Now this is not exciting because of the absolute energy released — that was small, only enough to boil two or three kettles. And it’s not even exciting because of any new physics: fusion experts have long argued that you just need a hammer of a certain size to make the thing “go”, and NIF has obliged by upping the input laser energy considerably. (That said, the physical precision behind this machine is astonishing: as little as a 0.1% error in the timing of the laser energy can degrade the conditions needed for fusion by as much as 50%.)

No, this is exciting because it’s the first scientific proof that fusion can produce more energy out than is put in, also known as “net energy gain”. If the numbers check out, the experiment generated 54% more energy than was put into it. Releasing energy through fusion reactions isn’t unusual in the wider universe: the sun produces 4bn kilograms’ worth of pure energy from fusion reactions every single second. But, despite decades of hopes pinned on fusion as a clean and plentiful energy source on Earth, no one has ever shown it can release more energy than is needed to set it off – pretty fundamental for a power source. That is, until now.

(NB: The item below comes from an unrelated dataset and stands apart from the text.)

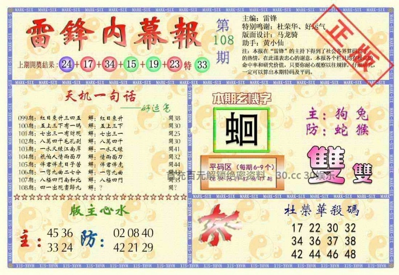 108期☆四字平特☆{佛口蛇心}开蛇01准 |

Engineers work outside the structure where the array of lasers at the NIF; the dome is 10m in diameter, an has inputs for over 100 laser beams.
Engineers work outside the structure where the array of lasers at the NIF; the dome is 10m in diameter, an has inputs for over 100 laser beams. Photograph: David Butow/Corbis/Getty Images

What does it all mean? As ice and snow grip the UK, I hardly need say why energy is a good thing. It makes our lives better in a million and one ways. As a planet, we need a lot more of it. Nuclear fission and renewables are absolutely part of that story, but if the technology can be perfected, fusion offers carbon-free energy for everyone on the planet for thousands, probably millions, of years. It doesn’t create long-lived radioactive waste, and there’s no chance of meltdowns such as those at Chornobyl and Fukushima. Fusion would complement renewables by providing baseload energy, rain or shine, while taking up little precious land. So the prize is big – which is why scientists and engineers have stuck with it for decades.

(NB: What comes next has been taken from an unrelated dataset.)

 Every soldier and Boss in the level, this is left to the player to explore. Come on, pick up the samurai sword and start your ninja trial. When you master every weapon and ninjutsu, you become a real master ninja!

This nuclear breakthrough is, in many ways, what every fusion scientist has been waiting for. Before this, they couldn’t even claim the scientific principle was empirical fact. That made it hard to build momentum behind turning fusion into a power source. Now, they can say “it works!”. Producing star power on Earth is no longer a dream.

Of course, that doesn’t mean fusion power that we can use is a reality yet. This is a single result on a single experiment. A commercially viable plant would need to produce 30 times energy out for energy in (30x), rather than the 1.54x seen in this experiment. Even with that magnitude of energy release, there would be engineering and economic challenges to overcome, such as firing the laser 10 times a second, rather than once a day. Gigantic lasers may not even be the best route to economical fusion power: promising alternative approaches are being explored that use magnetic fields to trap the 150mC fuel.

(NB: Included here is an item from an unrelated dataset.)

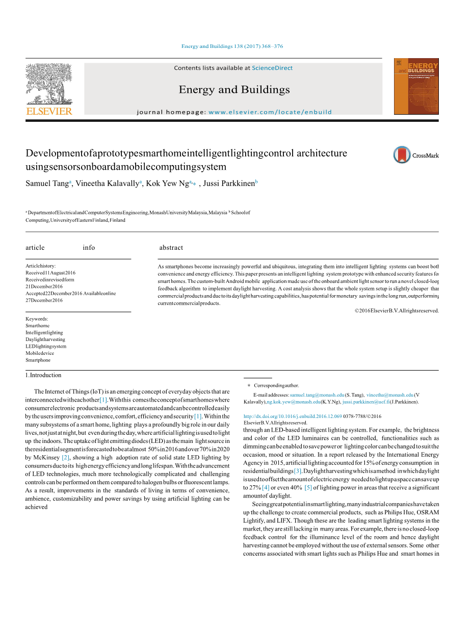随着智能手机变得越来越强大并且无处不在,将其整合到智能照明系统中可以提高机器人的便利性和能源效率。本文介绍了一个具有增强安全功能的智能照明系统原型,用于智能家居。定制的安卓移动应用程序利用板载环境光传感器来运行一个新颖的闭环反馈算法来实现日光采集。成本分析表明,整个系统的设置比商业产品略微便宜,而且由于它的日光采集能力,在长期内有可能形成货币储蓄,超过目前的商业产品。

And when fusion pessimists say NIF hasn’t produced more energy than it took to charge the laser batteries, they’re right – but this facility was only ever meant to demonstrate scientific feasibility; no government would fund a prototype power plant without hitting this milestone first, and there’s still a long road between this experimental result and a power plant.

So this stunning achievement may not appear to bring us much closer to fusion power being available on the grid … at least, not directly. Indirectly, psychologically, the effect is akin to a trumpet to the ear: we now know fusion for energy is possible. Knowledge that fusion can work changes everything, including how willing everyone from governments to entrepreneurs will be to invest. With more resources, higher gains in energy can be pursued, and a virtuous cycle of development is now likely to be set in motion.

Nature has seen fit to make the science of nuclear fusion such that it can produce energy. Whether we now turn that fusion energy into a power source – well, that’s down to us.